→ What to work on: Transcribe the full listing exactly, and drop every picture.

→ Given records:
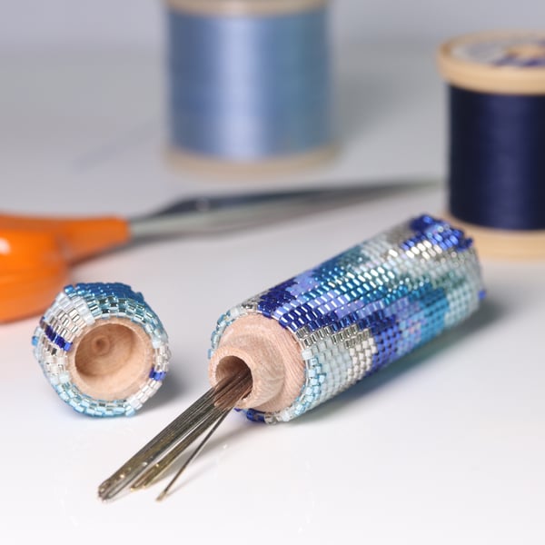 A gift for a needlework enthusiast, or maybe to treat yourself; here’s a useful tubular wooden case for storing your sewing needles. It will also help prevent accidental stabs when you are rummaging through your needlework supplies. The case has been covered with peyote beadwork; a vibrant design in shades of blue, silver and aquamarine. Measuring 6.4cm (2.5 inches) in length and 1.8cm (0.7 inches) in diameter, please be aware that some longer needles may not fit inside. A few needles have been included in the case. Your needlecase will be posted First Class, wrapped in acid-free tissue paper in a sturdy cardboard postage box. WHEN YOU BUY THIS ITEM £2 WILL BE DONATED TO TOYBOX, A CHARITY HELPING STREET CHILDREN ACROSS THE GLOBE. This amount is calculated by subtracting materials and admin costs from the price of the item. I do not charge for my time in making it.
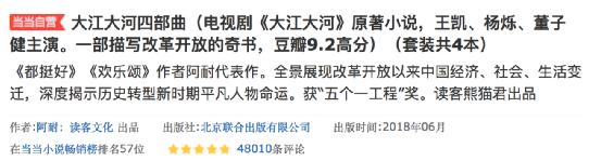 此外,我们了解到,电视剧《大江大河2》宣布定档时间当天,《大江大河》原著当晚就上了当当小说畅销榜。在剧集热播效应的强势拉动下,根据出版方数据,该书今年有声书播放量突破5500万,达到去年同期播放量的近两倍。
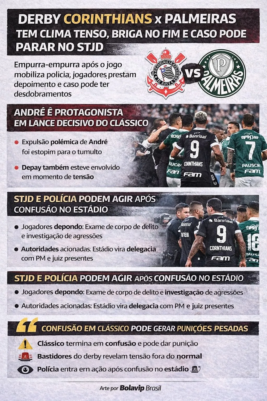 O STJD também acompanha a situação e pode aplicar sanções esportivas ao Corinthians, dependendo do que for apurado. Entre as possibilidades estão punições a jogadores e até medidas relacionadas ao estádio. O desfecho ainda é incerto, mas o episódio já é tratado com seriedade. O clássico deixa marcas que vão além das quatro linhas.
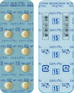 後発品 15mg1錠 ミルナシプラン塩酸塩錠15mg「NP」 淡黄色のフィルムコーティング錠 直径/長径/垂線/長辺(mm)
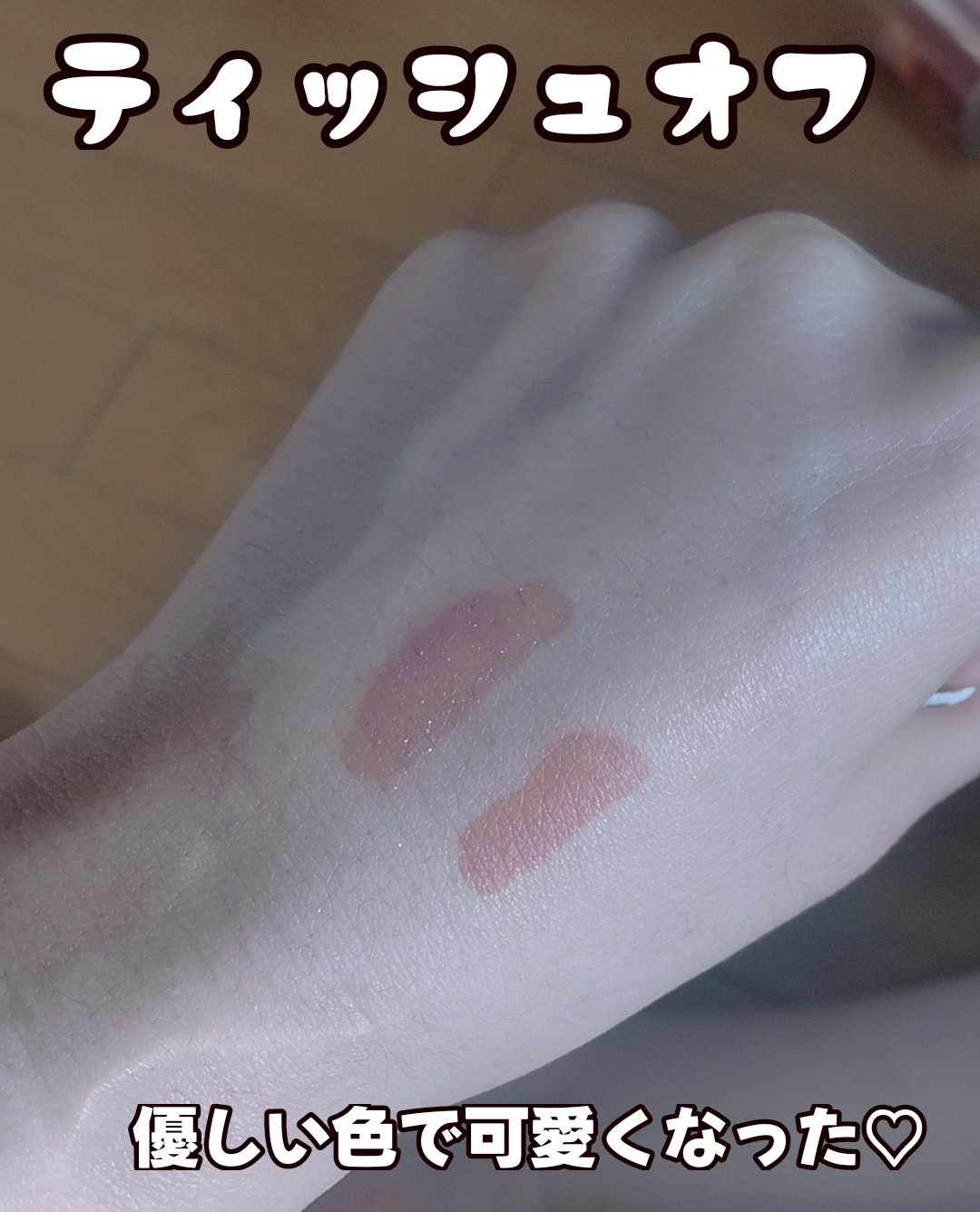 - <01 モーブローズ> リンゴ酸ジイソステアリル、水、ビスジグリセリルポリアシルアジペート-2、ジフェニルシロキシフェニルトリメチコン、トリメチルペンタフェニルトリシロキサン、ジグリセリン、水添ポリイソブテン、グリセリン、ペンチレングリコール、セチルPEG/PPG-10/1ジメチコン、イソステアリン酸ソルビタン、セテアレス-20、フェノキシエタノール、(アクリル酸ヒドロキシエチル/アクリロイルジメチルタウリンNa)コポリマー、スクワラン、クロレラエキス、グルコース、BG、香料、フルクトオリゴ糖、フルクトース、ジラウラミドグルタミドリシンNa、エチルヘキシルグリセリン、ポリソルベート60、エチレンジアミンジコハク酸3Na、水酸化Al、ポリアクリル酸アンモニウム、1,2-ヘキサンジオール、テトラ(ジ-t-ブチルヒドロキシヒドロケイヒ酸)ペンタエリスリチル、パルミチン酸エチルヘキシル、マルトデキストリン、アボカドエキス、トリベヘニン、パルミチン酸スクロース、水添レシチン、マカデミア種子油、オリーブ果実油、ホホバ種子油、ブドウ種子油、乳酸、パルミトイルトリペプチド-1 [+/-]酸化チタン、ホウケイ酸(Ca/チタン)、酸化スズ、黄4、黄5、赤104(1)、赤227、青1 <02 メリーコーラル> リンゴ酸ジイソステアリル、水、ビスジグリセリルポリアシルアジペート-2、ジフェニルシロキシフェニルトリメチコン、トリメチルペンタフェニルトリシロキサン、ジグリセリン、水添ポリイソブテン、グリセリン、ペンチレングリコール、セチルPEG/PPG-10/1ジメチコン、イソステアリン酸ソルビタン、セテアレス-20、フェノキシエタノール、(アクリル酸ヒドロキシエチル/アクリロイルジメチルタウリンNa)コポリマー、スクワラン、クロレラエキス、グルコース、BG、香料、フルクトオリゴ糖、フルクトース、ジラウラミドグルタミドリシンNa、エチルヘキシルグリセリン、ポリソルベート60、エチレンジアミンジコハク酸3Na、水酸化Al、ポリアクリル酸アンモニウム、1,2-ヘキサンジオール、テトラ(ジ-t-ブチルヒドロキシヒドロケイヒ酸)ペンタエリスリチル、パルミチン酸エチルヘキシル、マルトデキストリン、アボカドエキス、トリベヘニン、パルミチン酸スクロース、水添レシチン、マカデミア種子油、オリーブ果実油、ホホバ種子油、ブドウ種子油、乳酸、パルミトイルトリペプチド-1 [+/-]酸化チタン、ホウケイ酸(Ca/チタン)、酸化スズ、黄4、黄5、赤104(1)、赤227、青1 <03 サンドモンド> リンゴ酸ジイソステアリル、水、ビスジグリセリルポリアシルアジペート-2、ジフェニルシロキシフェニルトリメチコン、トリメチルペンタフェニルトリシロキサン、ジグリセリン、水添ポリイソブテン、グリセリン、ペンチレングリコール、セチルPEG/PPG-10/1ジメチコン、イソステアリン酸ソルビタン、セテアレス-20、フェノキシエタノール、(アクリル酸ヒドロキシエチル/アクリロイルジメチルタウリンNa)コポリマー、スクワラン、クロレラエキス、グルコース、BG、香料、フルクトオリゴ糖、フルクトース、ジラウラミドグルタミドリシンNa、エチルヘキシルグリセリン、ポリソルベート60、エチレンジアミンジコハク酸3Na、水酸化Al、ポリアクリル酸アンモニウム、1,2-ヘキサンジオール、テトラ(ジ-t-ブチルヒドロキシヒドロケイヒ酸)ペンタエリスリチル、パルミチン酸エチルヘキシル、マルトデキストリン、アボカドエキス、トリベヘニン、パルミチン酸スクロース、水添レシチン、マカデミア種子油、オリーブ果実油、ホホバ種子油、ブドウ種子油、乳酸、パルミトイルトリペプチド-1 [+/-]酸化チタン、ホウケイ酸(Ca/チタン)、酸化スズ、黄4、黄5、赤104(1)、赤227、青1 <04 フィグピーチ> リンゴ酸ジイソステアリル、水、ビスジグリセリルポリアシルアジペート-2、ジフェニルシロキシフェニルトリメチコン、トリメチルペンタフェニルトリシロキサン、ジグリセリン、水添ポリイソブテン、グリセリン、ペンチレングリコール、セチルPEG/PPG-10/1ジメチコン、イソステアリン酸ソルビタン、セテアレス-20、フェノキシエタノール、(アクリル酸ヒドロキシエチル/アクリロイルジメチルタウリンNa)コポリマー、スクワラン、クロレラエキス、グルコース、BG、香料、フルクトオリゴ糖、フルクトース、ジラウラミドグルタミドリシンNa、エチルヘキシルグリセリン、ポリソルベート60、エチレンジアミンジコハク酸3Na、水酸化Al、ポリアクリル酸アンモニウム、1,2-ヘキサンジオール、テトラ(ジ-t-ブチルヒドロキシヒドロケイヒ酸)ペンタエリスリチル、パルミチン酸エチルヘキシル、マルトデキストリン、アボカドエキス、トリベヘニン、パルミチン酸スクロース、水添レシチン、マカデミア種子油、オリーブ果実油、ホホバ種子油、ブドウ種子油、乳酸、パルミトイルトリペプチド-1 [+/-]酸化チタン、ホウケイ酸(Ca/チタン)、酸化スズ、黄4、黄5、赤104(1)、赤227、青1 <05 スコッチショット> リンゴ酸ジイソステアリル、水、ビスジグリセリルポリ

→ Solution below:
 A gift for a needlework enthusiast, or maybe to treat yourself; here’s a useful tubular wooden case for storing your sewing needles. It will also help prevent accidental stabs when you are rummaging through your needlework supplies. The case has been covered with peyote beadwork; a vibrant design in shades of blue, silver and aquamarine. Measuring 6.4cm (2.5 inches) in length and 1.8cm (0.7 inches) in diameter, please be aware that some longer needles may not fit inside. A few needles have been included in the case. Your needlecase will be posted First Class, wrapped in acid-free tissue paper in a sturdy cardboard postage box. WHEN YOU BUY THIS ITEM £2 WILL BE DONATED TO TOYBOX, A CHARITY HELPING STREET CHILDREN ACROSS THE GLOBE. This amount is calculated by subtracting materials and admin costs from the price of the item. I do not charge for my time in making it.
 此外,我们了解到,电视剧《大江大河2》宣布定档时间当天,《大江大河》原著当晚就上了当当小说畅销榜。在剧集热播效应的强势拉动下,根据出版方数据,该书今年有声书播放量突破5500万,达到去年同期播放量的近两倍。
 O STJD também acompanha a situação e pode aplicar sanções esportivas ao Corinthians, dependendo do que for apurado. Entre as possibilidades estão punições a jogadores e até medidas relacionadas ao estádio. O desfecho ainda é incerto, mas o episódio já é tratado com seriedade. O clássico deixa marcas que vão além das quatro linhas.
 後発品 15mg1錠 ミルナシプラン塩酸塩錠15mg「NP」 淡黄色のフィルムコーティング錠 直径/長径/垂線/長辺(mm)
 - <01 モーブローズ> リンゴ酸ジイソステアリル、水、ビスジグリセリルポリアシルアジペート-2、ジフェニルシロキシフェニルトリメチコン、トリメチルペンタフェニルトリシロキサン、ジグリセリン、水添ポリイソブテン、グリセリン、ペンチレングリコール、セチルPEG/PPG-10/1ジメチコン、イソステアリン酸ソルビタン、セテアレス-20、フェノキシエタノール、(アクリル酸ヒドロキシエチル/アクリロイルジメチルタウリンNa)コポリマー、スクワラン、クロレラエキス、グルコース、BG、香料、フルクトオリゴ糖、フルクトース、ジラウラミドグルタミドリシンNa、エチルヘキシルグリセリン、ポリソルベート60、エチレンジアミンジコハク酸3Na、水酸化Al、ポリアクリル酸アンモニウム、1,2-ヘキサンジオール、テトラ(ジ-t-ブチルヒドロキシヒドロケイヒ酸)ペンタエリスリチル、パルミチン酸エチルヘキシル、マルトデキストリン、アボカドエキス、トリベヘニン、パルミチン酸スクロース、水添レシチン、マカデミア種子油、オリーブ果実油、ホホバ種子油、ブドウ種子油、乳酸、パルミトイルトリペプチド-1 [+/-]酸化チタン、ホウケイ酸(Ca/チタン)、酸化スズ、黄4、黄5、赤104(1)、赤227、青1 <02 メリーコーラル> リンゴ酸ジイソステアリル、水、ビスジグリセリルポリアシルアジペート-2、ジフェニルシロキシフェニルトリメチコン、トリメチルペンタフェニルトリシロキサン、ジグリセリン、水添ポリイソブテン、グリセリン、ペンチレングリコール、セチルPEG/PPG-10/1ジメチコン、イソステアリン酸ソルビタン、セテアレス-20、フェノキシエタノール、(アクリル酸ヒドロキシエチル/アクリロイルジメチルタウリンNa)コポリマー、スクワラン、クロレラエキス、グルコース、BG、香料、フルクトオリゴ糖、フルクトース、ジラウラミドグルタミドリシンNa、エチルヘキシルグリセリン、ポリソルベート60、エチレンジアミンジコハク酸3Na、水酸化Al、ポリアクリル酸アンモニウム、1,2-ヘキサンジオール、テトラ(ジ-t-ブチルヒドロキシヒドロケイヒ酸)ペンタエリスリチル、パルミチン酸エチルヘキシル、マルトデキストリン、アボカドエキス、トリベヘニン、パルミチン酸スクロース、水添レシチン、マカデミア種子油、オリーブ果実油、ホホバ種子油、ブドウ種子油、乳酸、パルミトイルトリペプチド-1 [+/-]酸化チタン、ホウケイ酸(Ca/チタン)、酸化スズ、黄4、黄5、赤104(1)、赤227、青1 <03 サンドモンド> リンゴ酸ジイソステアリル、水、ビスジグリセリルポリアシルアジペート-2、ジフェニルシロキシフェニルトリメチコン、トリメチルペンタフェニルトリシロキサン、ジグリセリン、水添ポリイソブテン、グリセリン、ペンチレングリコール、セチルPEG/PPG-10/1ジメチコン、イソステアリン酸ソルビタン、セテアレス-20、フェノキシエタノール、(アクリル酸ヒドロキシエチル/アクリロイルジメチルタウリンNa)コポリマー、スクワラン、クロレラエキス、グルコース、BG、香料、フルクトオリゴ糖、フルクトース、ジラウラミドグルタミドリシンNa、エチルヘキシルグリセリン、ポリソルベート60、エチレンジアミンジコハク酸3Na、水酸化Al、ポリアクリル酸アンモニウム、1,2-ヘキサンジオール、テトラ(ジ-t-ブチルヒドロキシヒドロケイヒ酸)ペンタエリスリチル、パルミチン酸エチルヘキシル、マルトデキストリン、アボカドエキス、トリベヘニン、パルミチン酸スクロース、水添レシチン、マカデミア種子油、オリーブ果実油、ホホバ種子油、ブドウ種子油、乳酸、パルミトイルトリペプチド-1 [+/-]酸化チタン、ホウケイ酸(Ca/チタン)、酸化スズ、黄4、黄5、赤104(1)、赤227、青1 <04 フィグピーチ> リンゴ酸ジイソステアリル、水、ビスジグリセリルポリアシルアジペート-2、ジフェニルシロキシフェニルトリメチコン、トリメチルペンタフェニルトリシロキサン、ジグリセリン、水添ポリイソブテン、グリセリン、ペンチレングリコール、セチルPEG/PPG-10/1ジメチコン、イソステアリン酸ソルビタン、セテアレス-20、フェノキシエタノール、(アクリル酸ヒドロキシエチル/アクリロイルジメチルタウリンNa)コポリマー、スクワラン、クロレラエキス、グルコース、BG、香料、フルクトオリゴ糖、フルクトース、ジラウラミドグルタミドリシンNa、エチルヘキシルグリセリン、ポリソルベート60、エチレンジアミンジコハク酸3Na、水酸化Al、ポリアクリル酸アンモニウム、1,2-ヘキサンジオール、テトラ(ジ-t-ブチルヒドロキシヒドロケイヒ酸)ペンタエリスリチル、パルミチン酸エチルヘキシル、マルトデキストリン、アボカドエキス、トリベヘニン、パルミチン酸スクロース、水添レシチン、マカデミア種子油、オリーブ果実油、ホホバ種子油、ブドウ種子油、乳酸、パルミトイルトリペプチド-1 [+/-]酸化チタン、ホウケイ酸(Ca/チタン)、酸化スズ、黄4、黄5、赤104(1)、赤227、青1 <05 スコッチショット> リンゴ酸ジイソステアリル、水、ビスジグリセリルポリ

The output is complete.